Sono diverse settimane che mi serpeggia dentro uno strano
senso di solitudine, quella dal sapore amaro, dalla sensazione di mancanza, dal
colere un po’ grigiastro, non mi è mai successo di sentirla così viva e di
percepirla appartenente al mio quotidiano. Da quando ho scoperto e scelto la
vita di Nazareth non ho mai smesso di cercare e ritagliare per me momenti di
deserto, di solitudine, salvaguardando il più possibile quell’ascolto interiore
che mi ha permesso di andare fino in fondo nella mia vita, di cogliere le
sfumature delle scelte che di volta in volta desideravo assumere; addentrarsi
nel deserto interiore non è mai troppo facile, soprattutto quando si ha poca
consapevolezza di sé, e quando ci si è ritagliati addosso un immagine tutto
sommato accettabile, anche se non pienamente aderente alla propria realtà,
mettersi in cammino in questo deserto può sembrare un atto di coraggio, un
avventura pericolosa, una sfida alla propria vulnerabilità, sicuramente è tutto
questo, ma per me principalmente è sempre stata la scelta di “non barare con me
stesso”, a volte e in certi passaggi della mia vita il prezzo è stato molto
alto, ma ne è valsa la pena, sempre.
Camminare sulla sabbia rende il passo appesantito, avanzare
richiede il doppio della forza per contrastare quello sprofondare continuo, man
mano che si avanza il corpo si getta sempre più in avanti, quasi che gettando
il proprio peso più in là i passi si liberano meglio dall’invischiamento dei
granelli; l’esperienza del procedere sulla sabbia credo che descriva bene l’esperienza
stessa del deserto interiore.

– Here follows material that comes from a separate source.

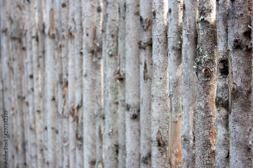 A wall of thin trunks of birches. White trunks of birches are tightly pressed against each other. Side view
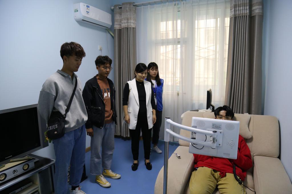 在工作人员的带领下,同学们集体观看了心语工坊的宣传片,而后依次参观预约服务室、专家咨询室和心理测评室,并体验了宣泄室和沙盘活动室的诊疗设施。通过工作人员的讲解,同学们对心理健康问题有了更深层次的了解,同时对心语工坊的日常工作表现出浓厚的兴趣。

Sarà anche una fatica immane, un procedere con un
dispendio di energia eccessiva, potrebbe anche rallentare la conquista della
meta, non importa, camminare nel proprio deserto interiore ti porta al cuore
delle tue melodie intime, stonate o armoniche che siano e questo, è l’ascolto
che ripaga ogni fatica.
Questi ritagli di solitudine sono stati sempre più centrali
nel mio cammino, essenziali in quanto esperienza di intimità profonda, sempre possibile,
come sempre possibile è stata la certezza di cogliere la mia solitudine abitata
da tempo e con estrema delicatezza e forza, da Lui.
Non pretendere, ma
accogliere; non forzare, ma lasciar fluire; non condizionare, ma fidarsi; non
manipolare, ma abbandonarsi: un continuo cambio di prospettiva, questo ha generato
il Suo abitarmi.
Perdendo di vista questo modo di abitare la storia umana ho trovato le tinte scure della solitudine disabitata…il mio io ha tolto il posto ad un Tu.